FIG. 3 is a flowchart of a method 300 for running AV software in an incremental mode, in accordance with the present invention. Portions of method 300 are contemplated as being incorporated into the incremental AV checking software provided by an AV software vendor. Incremental AV checking is typically implemented in AV software at an operating system kernel level, where the AV software monitors all file system operations performed on a physical file system, such as physical file system 170.
 Method 300 enhances the capabilities of AV software to utilize the batch mode AV checking of method 200. Method 300 also contemplates an enhancement incorporated into physical file system 170, to set the “virus_checked” attribute of a file to FALSE if any data, even a single byte, has been modified.
 Method 300 also uses the “virus_checked” attribute. Method 300 involves operations of opening a file (step 305), modifying an open file (step 355), and closing a file (step 365), to allow efficient virus checking on NAS server 140.
 Step 305 is the beginning of a subroutine of method 300 relating to an operation of opening a file that is located in the active file system, by a software application. Accordingly, in step 305, a file is opened (for reading or writing) in NAS server 140. Method 300 then proceeds to step 310.
 In step 310, a check is made to see if incremental mode AV checking has been administratively configured to run on a file open operation. If incremental mode AV checking has been administratively configured to run on the file open operation, then method 300 proceeds to step 315. If incremental mode AV checking has not been administratively configured to run on the file open operation, then method 300 branches to step 395.

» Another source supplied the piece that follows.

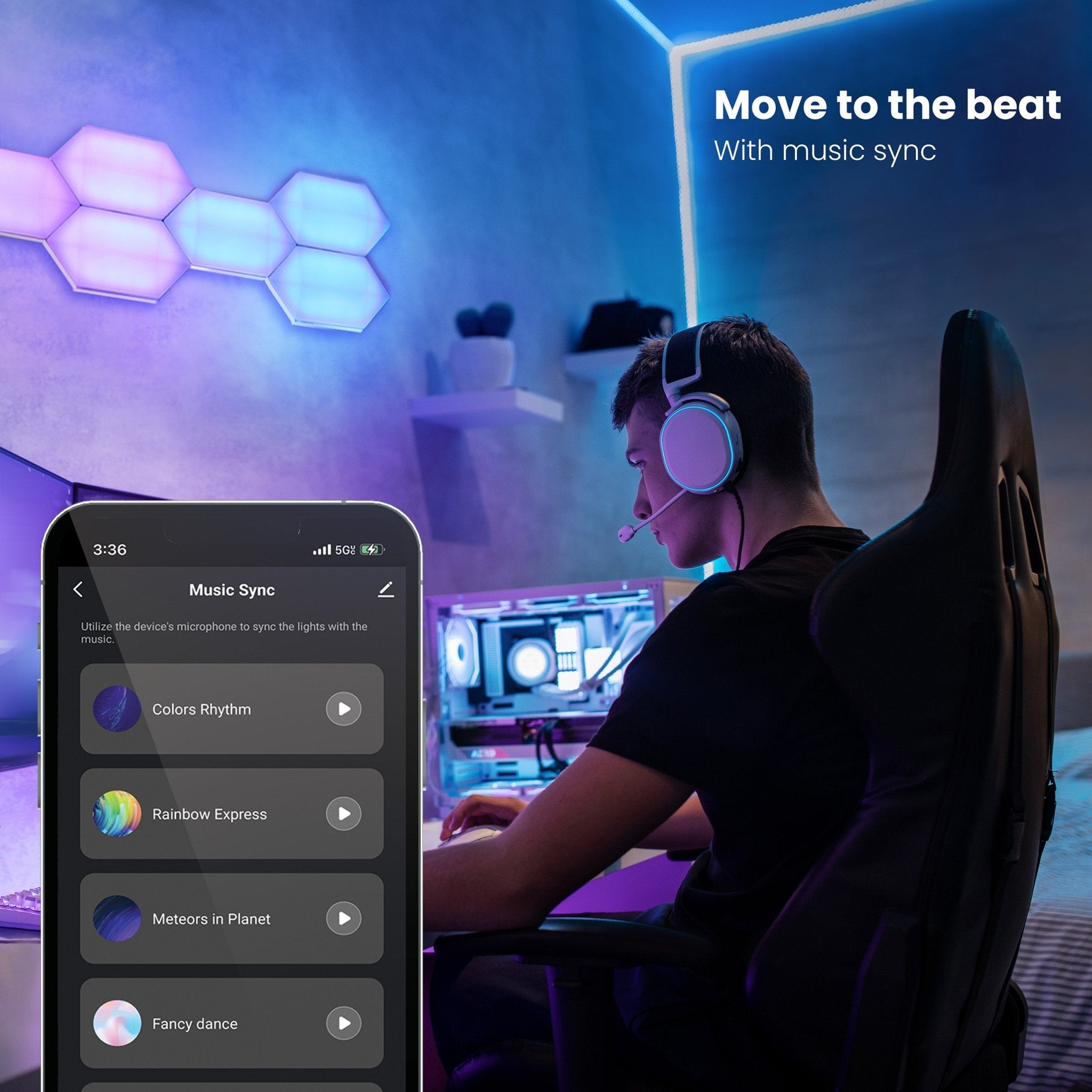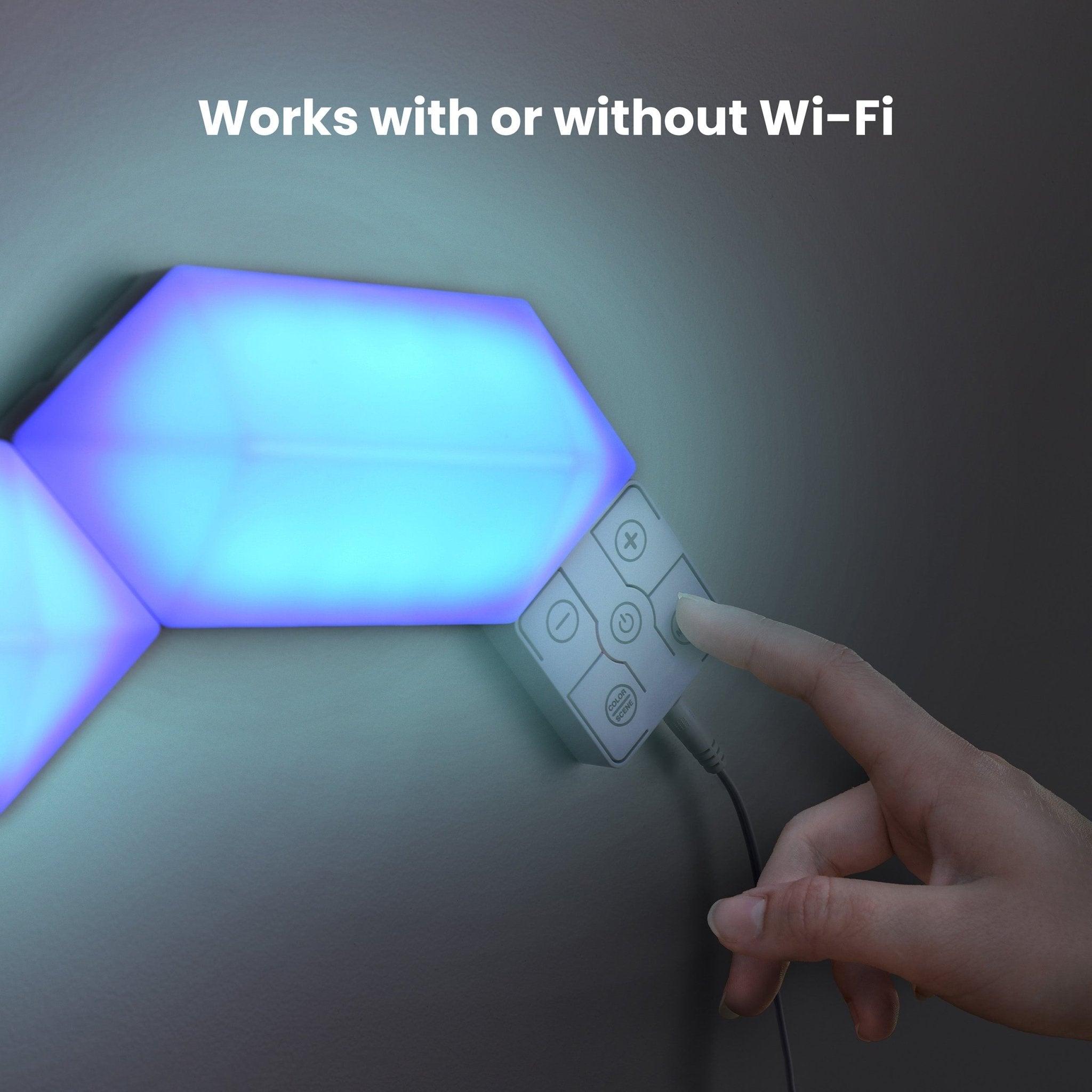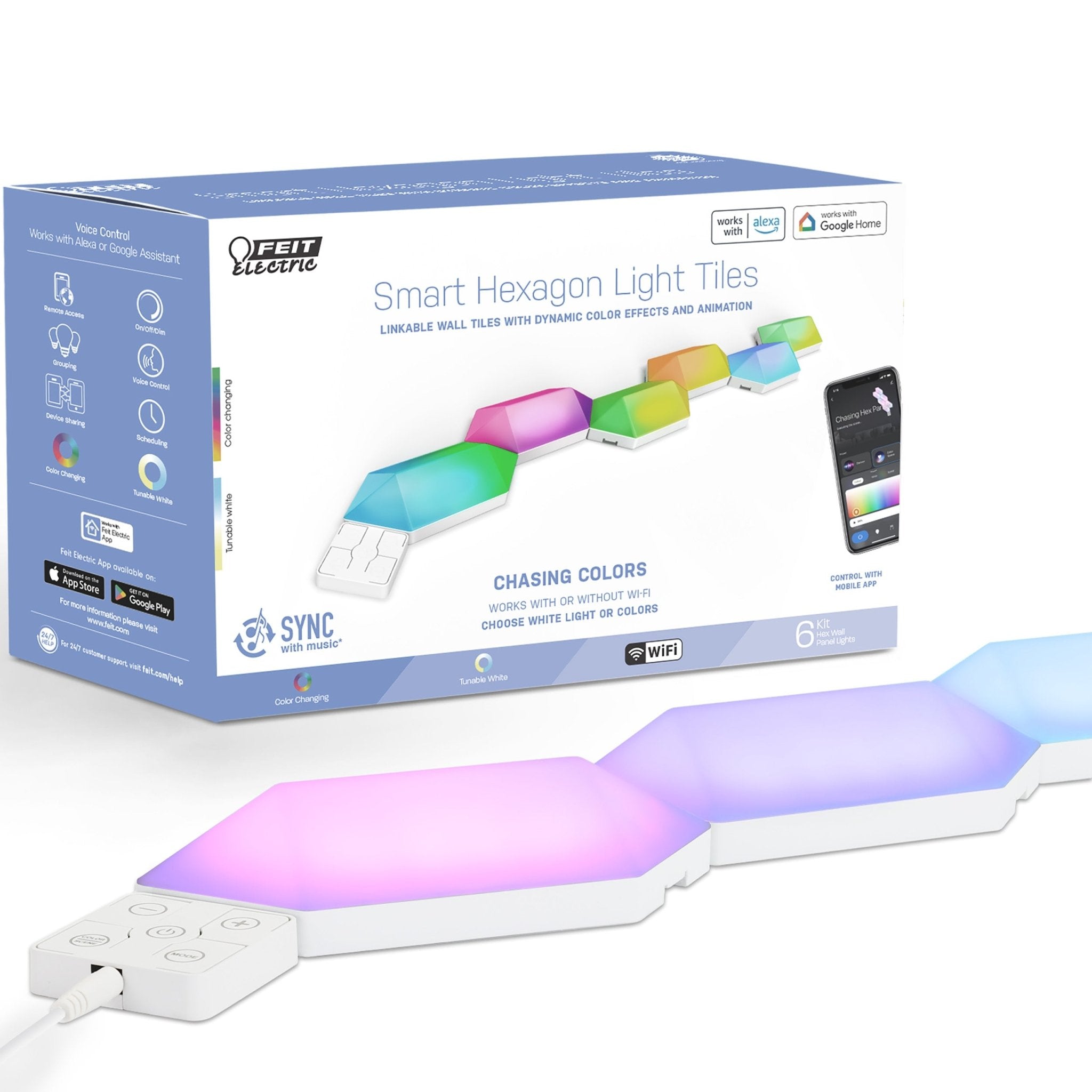 Transform your living space into an immersive experience with our Smart Linkable Hexagon Light Tiles 6-Pack Starter Kit. This kit comes with six mesmerizing hexagon-shaped lights. It is packed with cutting-edge features to elevate your lighting experience. Unleash your inner artist and create the perfect ambiance for gaming sessions, movie nights, and parties by selecting individual colors for each panel. Add bold color to your living room, bedroom, or any other space in your home. Get access to millions of colors at your fingertips. With independent color control, you can mix, match, and customize hues to suit your mood. Then, take your lighting display further with captivating effects that flow from panel to panel. Our hexagon-shaped lights feature directional links that follow the arrows, making it a breeze to set up your desired configurations. Turn on the music sync feature to match lights to the rhythm of your favorite tunes. Choose from 17 preset scenes to fit seasons, moods, or activities. Pairing Smart Hex Wall Panel Lights is quick and easy. Integrate them into your smart home ecosystem with the free Feit Electric app and 2.4GHz home Wi-Fi. Add voice commands with Alexa and Google Assistant compatibility for even more control. Upgrade your lighting game and get creative with Smart Hex Wall Lights from Feit Electric. Embrace the artistic side of smart lighting.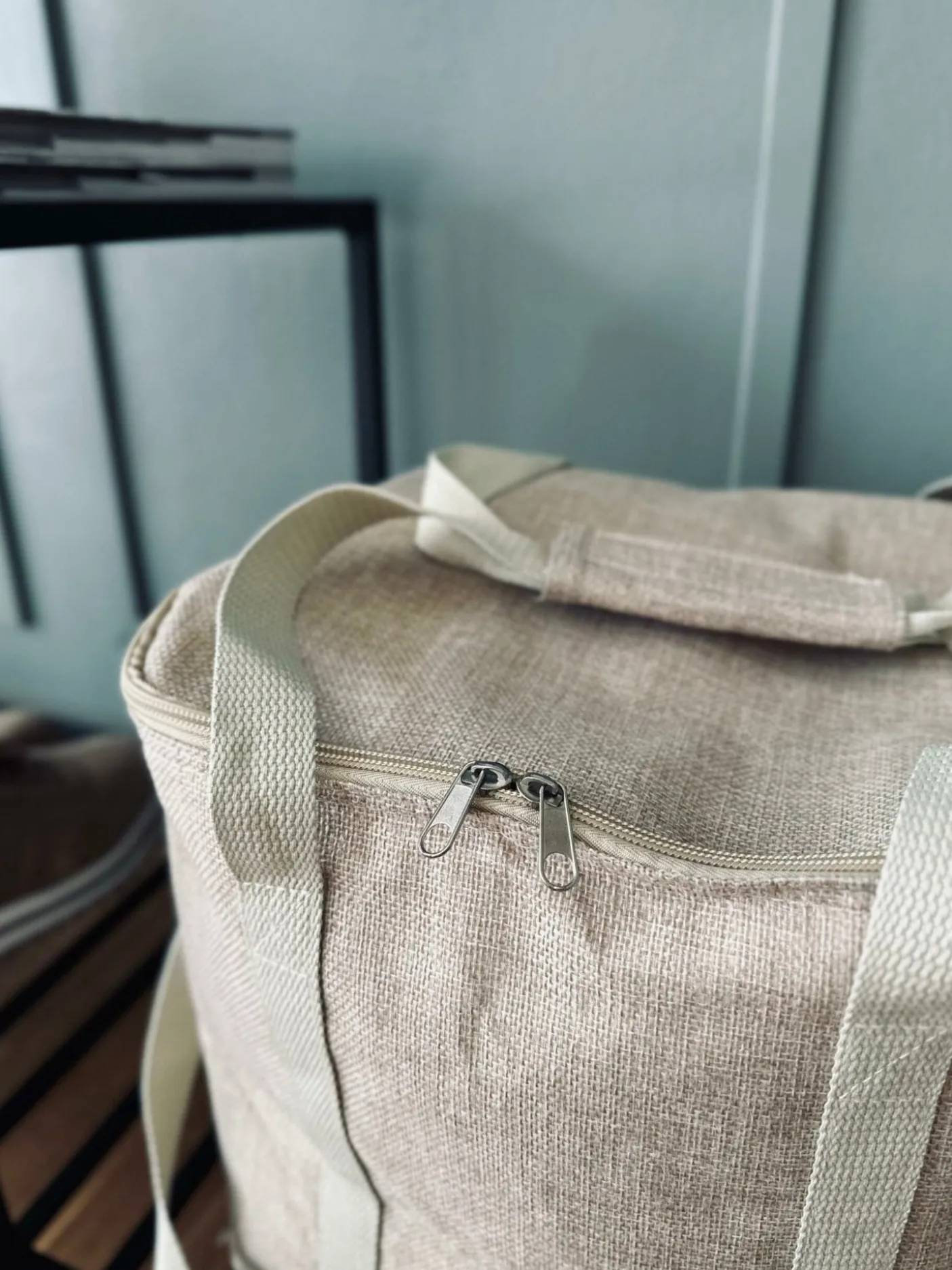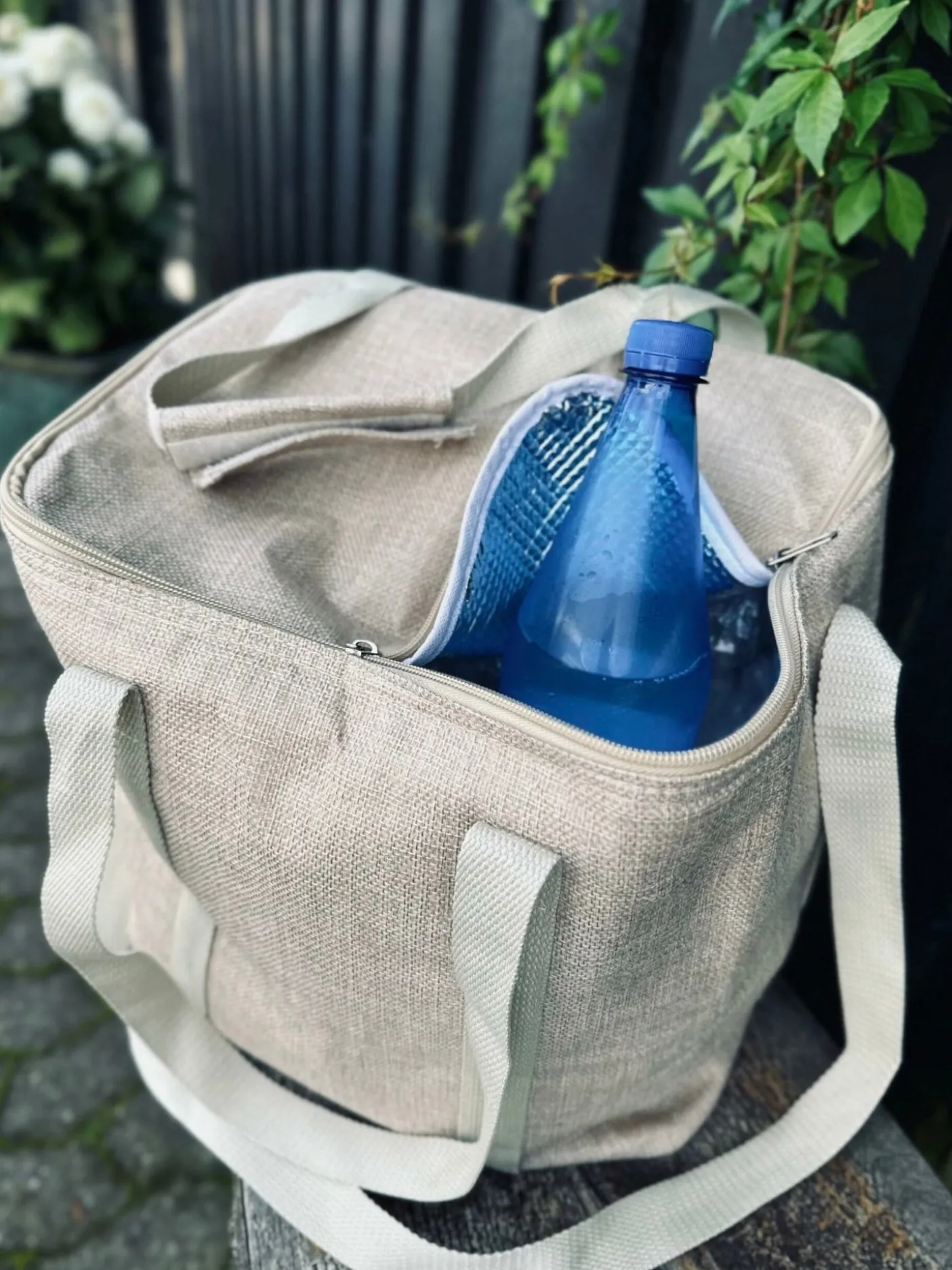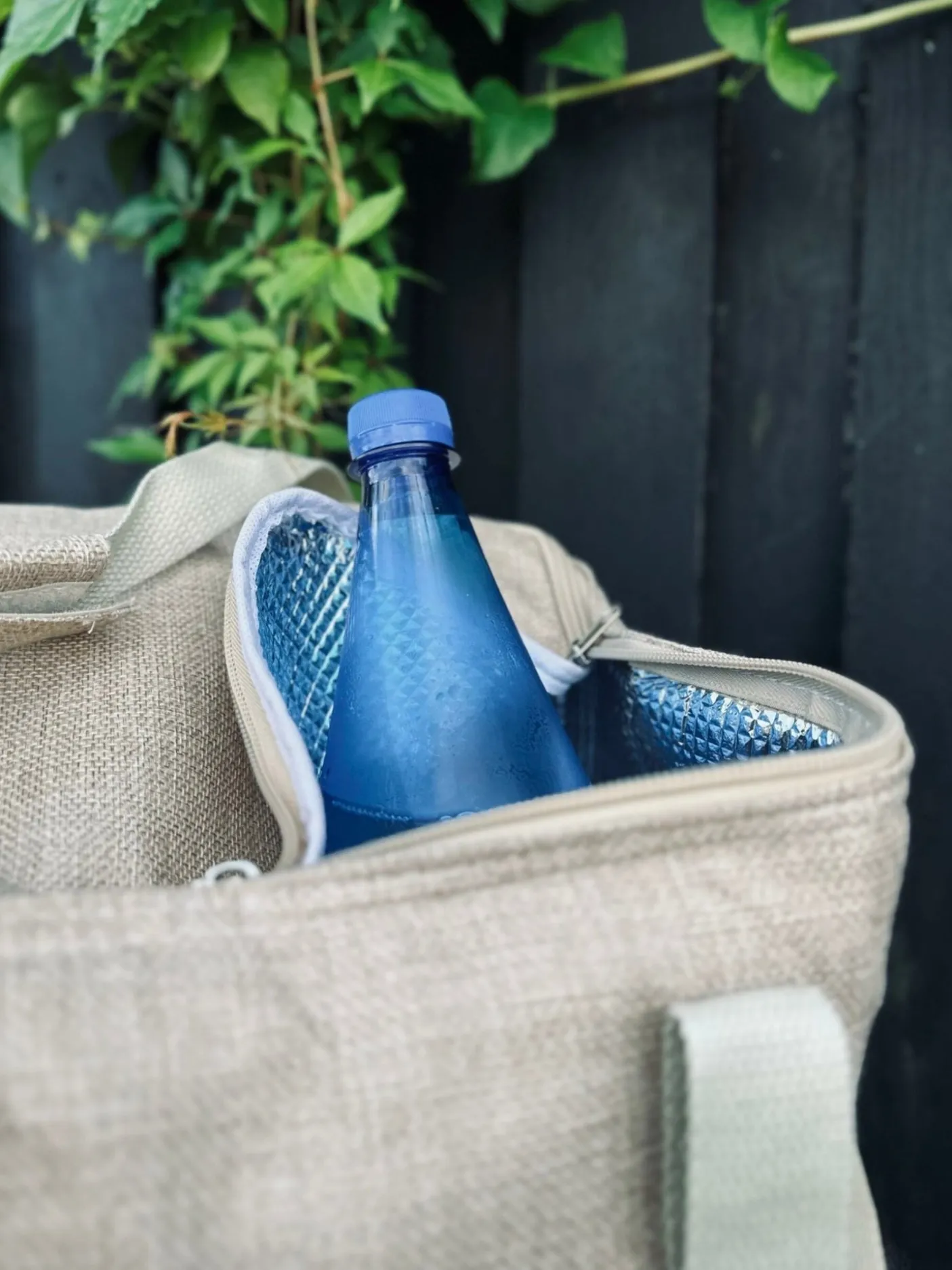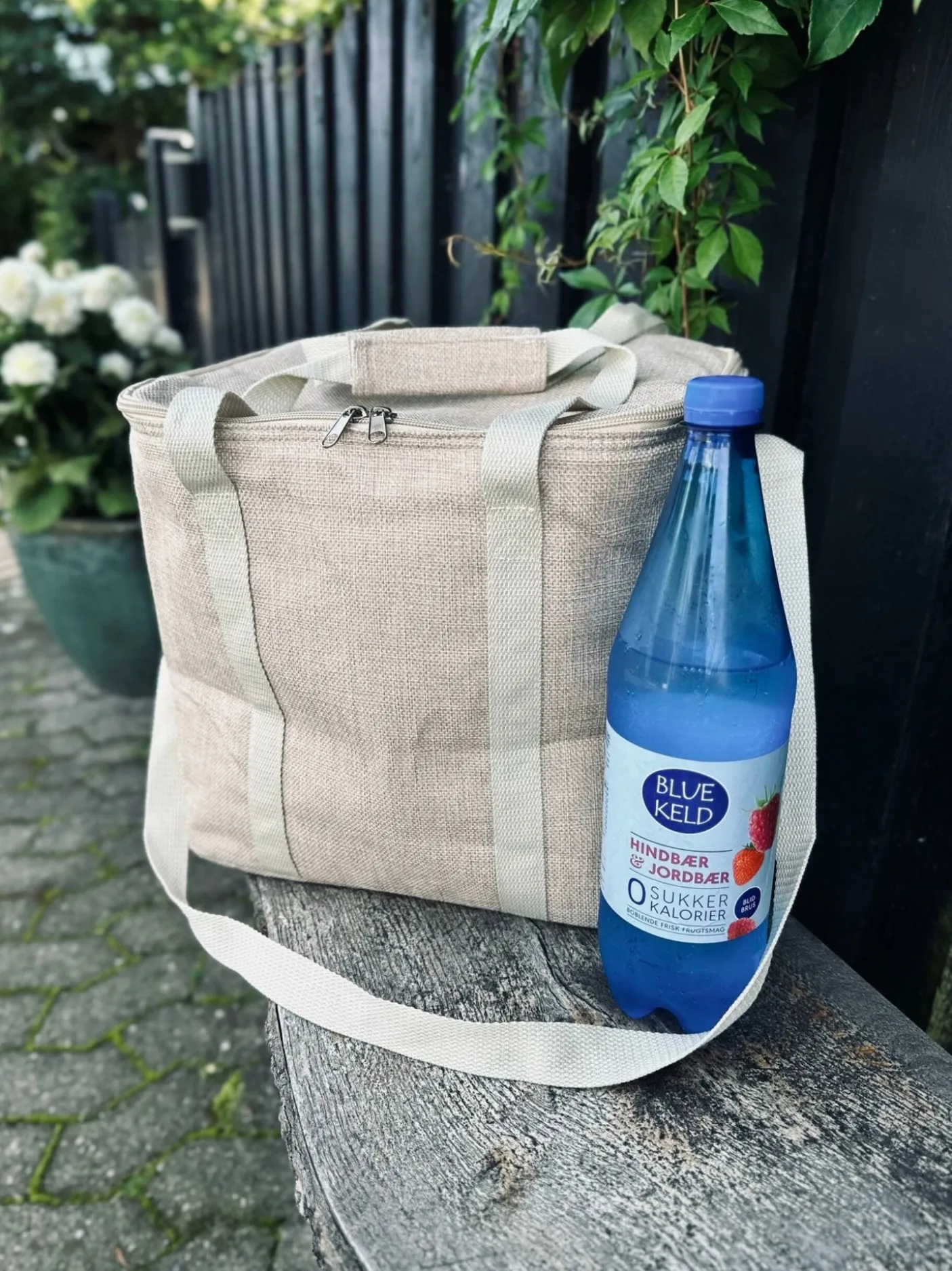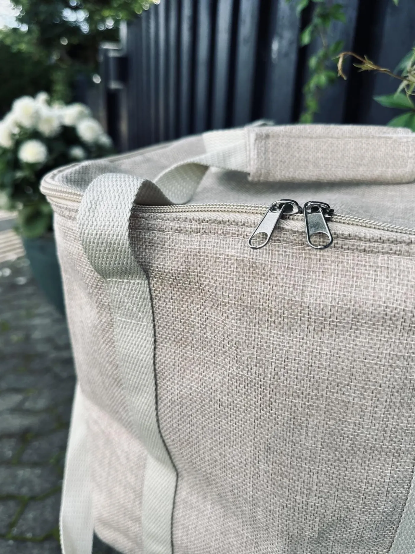 Super cool køletaske i beige. Tasken er foret med aluminium, så dine drikkevarer holder sig kolde eller varme.

 In step 315, method 300 checks whether the virus signature file has been updated since the last batch mode AV scan started, i.e., since the last execution of method 200 started. If the virus signature file has been updated since the last batch mode AV scan started, then method 300 proceeds to step 325 to ensure that the file is definitely scanned, even if it has been scanned before. If the virus signature file has not been updated since the last batch mode AV scan started, then method 300 proceeds to step 320.
 In step 320, the “virus_checked” attribute of the file, in the active file system, is checked. If “virus_checked” is FALSE, then method 300 proceeds to step 325. If “virus_checked” is TRUE, then method 300 branches to step 395.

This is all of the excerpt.